# Freaking BiZzArRe TV ad



## Pablo (Mar 27, 2006)

This bothers me in a couple of ways. It'd be funny- but its too creepy to be funny.

First it sort of degrades the notion of pregnancy imo by making a pregnancy test into some sort of slapstick spaceship or whatever its supposed to be... then they start talking about its sophisticated circuitry.. Is it a big screen computer or expensive home stereo? No! Its a pregnancy test. It says YES or NO. Just bizzare advertising points.

Than in what is obviously to anyone besides the guy who okayed that ad a self-damaging move, some pee hits the thing in slow-motion and the guy says its the most sophisticated piece of technology you'll ever pee on. Now that's just not funny and I think if I were possibly pregnant-though I cant say for sure it being physically impossible and what not- that I'd find that offensive.

Its just making too light of something serious.
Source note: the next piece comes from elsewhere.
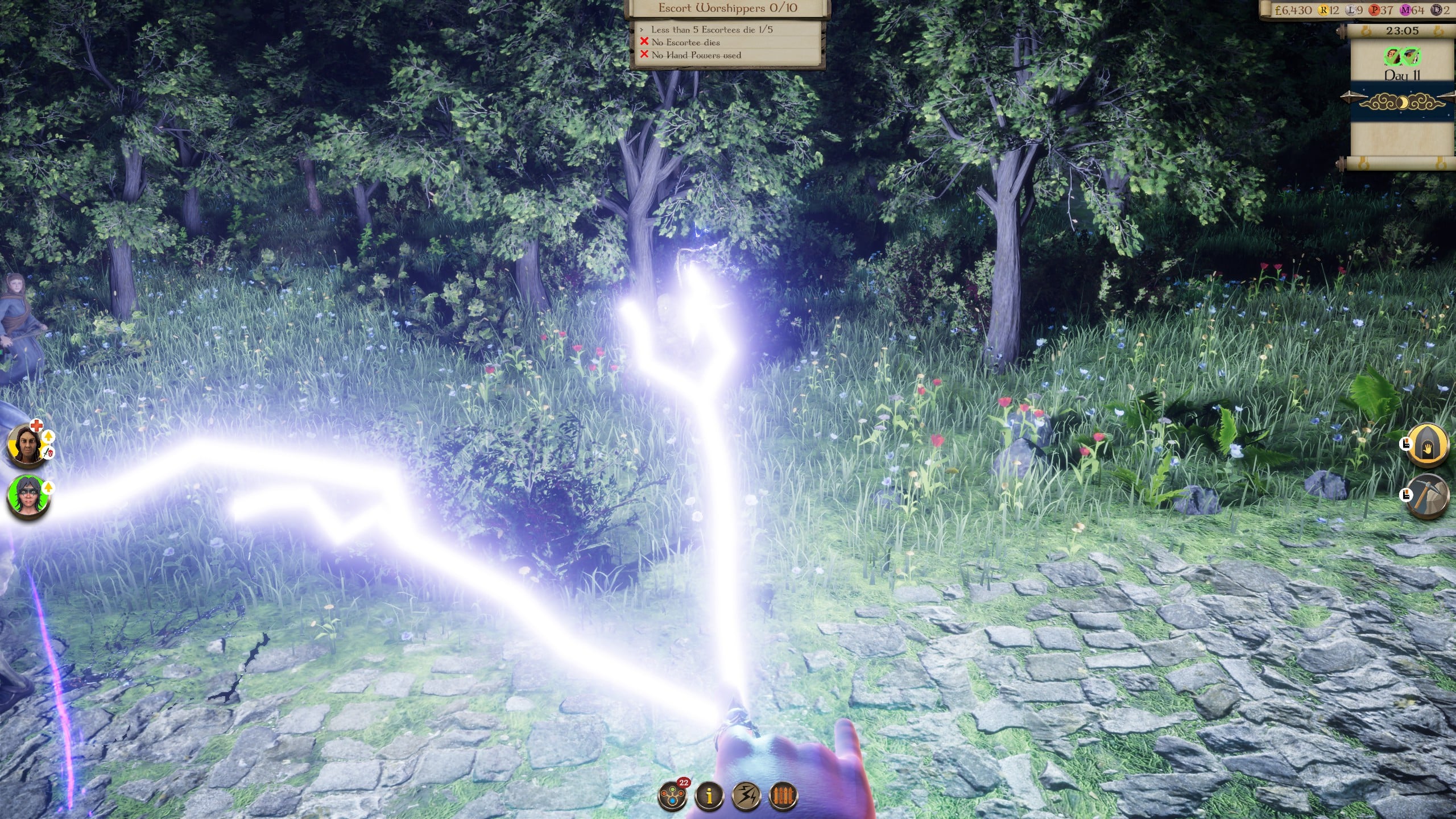 Naturally, the most satisfying part of the game is the smiting, and I suppose it’s where the influence of Black & White is most evident, with your powers represented and delivered via a floating rubbery hand. Yes, of course, it’s a glorified mouse pointer, but it’s one that does an awful lot of heavy lifting – pun intended. It represents the player, but it subconsciously connects all the aspects of play that could otherwise feel disparate.

Imagine driving by a school and their big outdoor bulletin board says Drop yer kids here we'll learn 'em good. Know what I mean? It just doesn't take itself seriously.


----------



## Pablo (Mar 27, 2006)

And the guy says 'FINALLY, a pregnancy test so advanced...'

_Oh FINALLY! I wish I hadn't been curious as to whether I was pregnant 2 years ago because if I'd waited I could have used this one!_


----------